From: David Abrahams @ 2009-01-27 15:04 UTC (permalink / raw)
  To: git


I've been abusing Git for a purpose it wasn't intended to serve:
archiving a large number of files with many duplicates and
near-duplicates.  Every once in a while, when trying to do something
really big, it tells me "malloc failed" and bails out (I think it's
during "git add" but because of the way I issued the commands I can't
tell: it could have been a commit or a gc).  This is on a 64-bit linux
machine with 8G of ram and plenty of swap space, so I'm surprised.

Git is doing an amazing job at archiving and compressing all this stuff
I'm putting in it, but I have to do it a wee bit at a time or it craps
out.  Bug?

-- 
Dave Abrahams
BoostPro Computing
http://www.boostpro.com

^ permalink raw reply	[flat|nested] 15+ messages in thread

* Re: "malloc failed"
  2009-01-27 15:04 "malloc failed" David Abrahams
@ 2009-01-27 15:29 ` Shawn O. Pearce
  2009-01-27 15:32   ` David Abrahams
  2009-01-27 18:02 ` Johannes Schindelin
  2009-01-28  5:02 ` Jeff King
  2 siblings, 1 reply; 15+ messages in thread
From: Shawn O. Pearce @ 2009-01-27 15:29 UTC (permalink / raw)
  To: David Abrahams; +Cc: git

David Abrahams <dave@boostpro.com> wrote:
> I've been abusing Git for a purpose it wasn't intended to serve:
> archiving a large number of files with many duplicates and
> near-duplicates.  Every once in a while, when trying to do something
> really big, it tells me "malloc failed" and bails out (I think it's
> during "git add" but because of the way I issued the commands I can't
> tell: it could have been a commit or a gc).  This is on a 64-bit linux
> machine with 8G of ram and plenty of swap space, so I'm surprised.
> 
> Git is doing an amazing job at archiving and compressing all this stuff
> I'm putting in it, but I have to do it a wee bit at a time or it craps
> out.  Bug?

No, not really.  Above you said you are "abusing git for a purpose
it wasn't intended to serve"...

Git was never designed to handle many large binary blobs of data.
It was mostly designed for source code, where the majority of the
data stored in it is some form of text file written by a human.
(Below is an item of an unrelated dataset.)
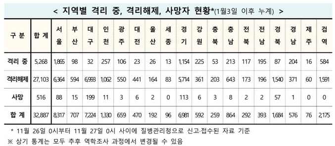 11월27일 0시기준으로 격리 해제된 확진 환자는 전날 153명이 늘어 총 2만7천103명이고, 격리 상태에서 치료 중인 확진 환자는 5천268명이다. 또한, 코로나19 진단검사를 받은 사람은 총 300만9천577명이며, 이 중 292만53명이 '음성'으로 확인됐고, 5만6천637명은 검사 중이다.

By their very nature these files need to be relatively short (e.g.
under 1 MB each) as no human can sanely maintain a text file that
large without breaking it apart into different smaller files (like
the source code for an operating system kernel).

As a result of this approach, the git code assumes it can malloc()
at least two blocks large enough for each file: one of the fully
decompressed content, and another for the fully compressed content.
Try doing git add on a large file and its very likely malloc
will fail due to ulimit issues, or you just don't have enough
memory/address space to go around.

git gc likewise needs a good chunk of memory, but it shouldn't
usually report "malloc failed".  Usually in git gc if a malloc fails
it prints a warning and degrades the quality of its data compression.
But there are critical bookkeeping data structures where we must be
able to malloc the memory, and if those fail because we've already
exhausted the heap early on, then yea, it can fail too.

-- 
Shawn.

^ permalink raw reply	[flat|nested] 15+ messages in thread

* Re: "malloc failed"
  2009-01-27 15:29 ` Shawn O. Pearce
@ 2009-01-27 15:32   ` David Abrahams
  0 siblings, 0 replies; 15+ messages in thread
From: David Abrahams @ 2009-01-27 15:32 UTC (permalink / raw)
  To: git


on Tue Jan 27 2009, "Shawn O. Pearce" <spearce-AT-spearce.org> wrote:

> David Abrahams <dave@boostpro.com> wrote:
>> I've been abusing Git for a purpose it wasn't intended to serve:
>> archiving a large number of files with many duplicates and
>> near-duplicates.  Every once in a while, when trying to do something
>> really big, it tells me "malloc failed" and bails out (I think it's
>> during "git add" but because of the way I issued the commands I can't
>> tell: it could have been a commit or a gc).  This is on a 64-bit linux
>> machine with 8G of ram and plenty of swap space, so I'm surprised.
>> 
>> Git is doing an amazing job at archiving and compressing all this stuff
>> I'm putting in it, but I have to do it a wee bit at a time or it craps
>> out.  Bug?
>
> No, not really.  Above you said you are "abusing git for a purpose
> it wasn't intended to serve"...

Absolutely; I want to be upfront about that :-)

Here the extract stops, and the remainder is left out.